Wells Fargo & Co, the largest U.S. mortgage lender, on Friday won the dismissal of two major lawsuits accusing the banking giant of predatory lending practices.
The lawsuits accused of violating the federal Fair Housing Act by engaging in predatory lending practices in the Los Angeles and Chicago area, The Los Angeles Times reported.
In the Los Angeles suit, U.S. District Judge Otis Wright said the “undisputed facts” show that Wells Fargo did not violate the FHA during the two-year statute of limitations period.
Los Angeles accused Wells Fargo in its December 2013 lawsuit of having engaged in discriminatory lending since at least 2004 by targeting minority borrowers with high-cost loans they could not afford, resulting in a disproportionately large number of foreclosures.

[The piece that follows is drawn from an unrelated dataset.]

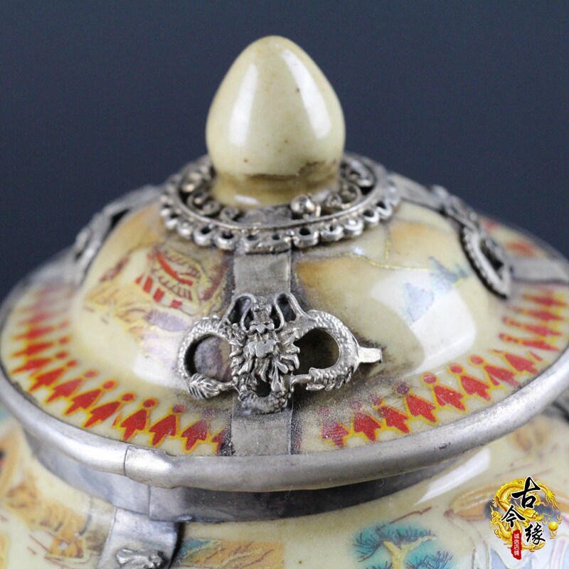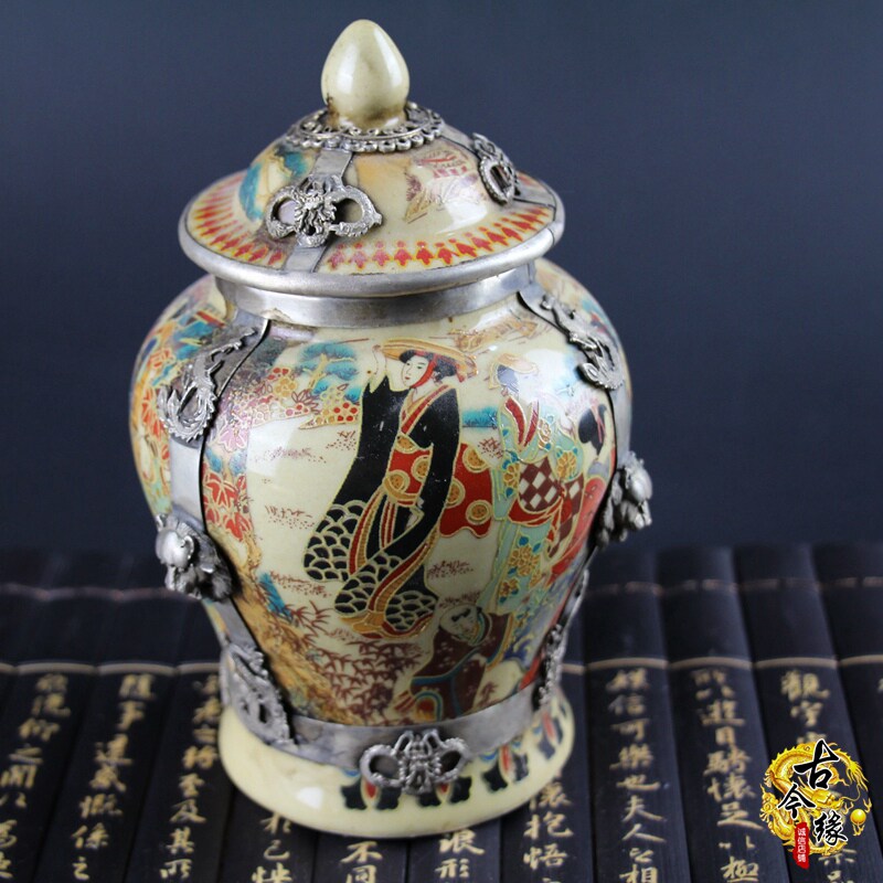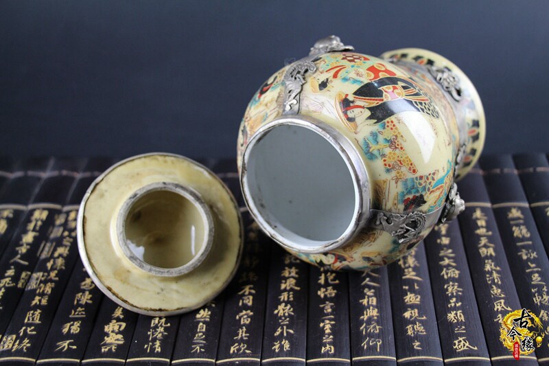Antique vintage old courtyard decoration Porcelain film and television props decoration Antique collection bag silver general tank
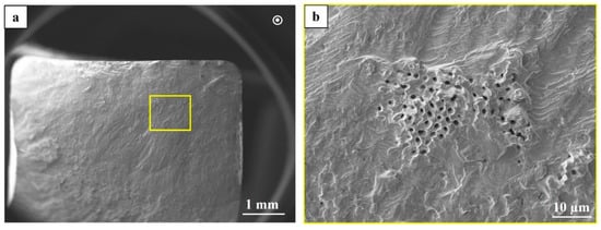 SEM images of the fatigue fracture surface of a 6 × 6 specimen in the STA condition; (a) overview, (b) shrinkage porosities in the crack propagation area.

Meanwhile, U.S. District Judge Gary Feinerman in Chicago said dismissal was appropriate because Cook County, which had brought the suit, was outside the FHA’s “zone of interests,” meaning that Congress did not authorize the county to bring claims under that law.
Cook County, which includes Chicago, accused Wells Fargo of targeting tens of thousands of black, Hispanic and female borrowers through “equity stripping,” where it imposed excessive or unnecessary rates and fees as well as refinancing penalties.
The county said this alleged misconduct boosted foreclosures, eroded property taxes, necessitated higher spending to combat blight, and caused at least $300 million of damages. Steering minorities into costly loans is sometimes called “reverse redlining.” Chicago is the third most populous U.S. city.
Feinerman said Cook County had constitutional standing to sue Wells Fargo, but could not pursue an FHA claim because it “alleges neither that it was denied a loan nor offered unfavorable terms – setting aside the obvious point that Cook County is not alleged to have a race or other protected trait.”
The judge added that his decision did not mean or suggest that Wells Fargo did not violate the FHA or engage in reverse redlining, “or that the direct victims of Wells Fargo’s alleged misconduct do not deserve compensation.”
Feinerman said Cook County may file an amended complaint, but that he “doubts” that the problem can be fixed.
Cook County and its lawyers did not immediately respond to requests for comment.
Wells Fargo spokesman Ancel Martinez said: “We are pleased with the court’s decision and thoughtful analysis.”
The lawsuit is similar to others that Cook County brought against Bank of America Corp and Britain’s HSBC Holdings Plc .
Several large U.S. cities and counties have accused major banks in lawsuits of biased mortgage lending that prolonged the nation’s housing crisis. These lawsuits have had mixed success.
Wells Fargo is based in San Francisco, and is also the fourth-largest U.S. bank by assets.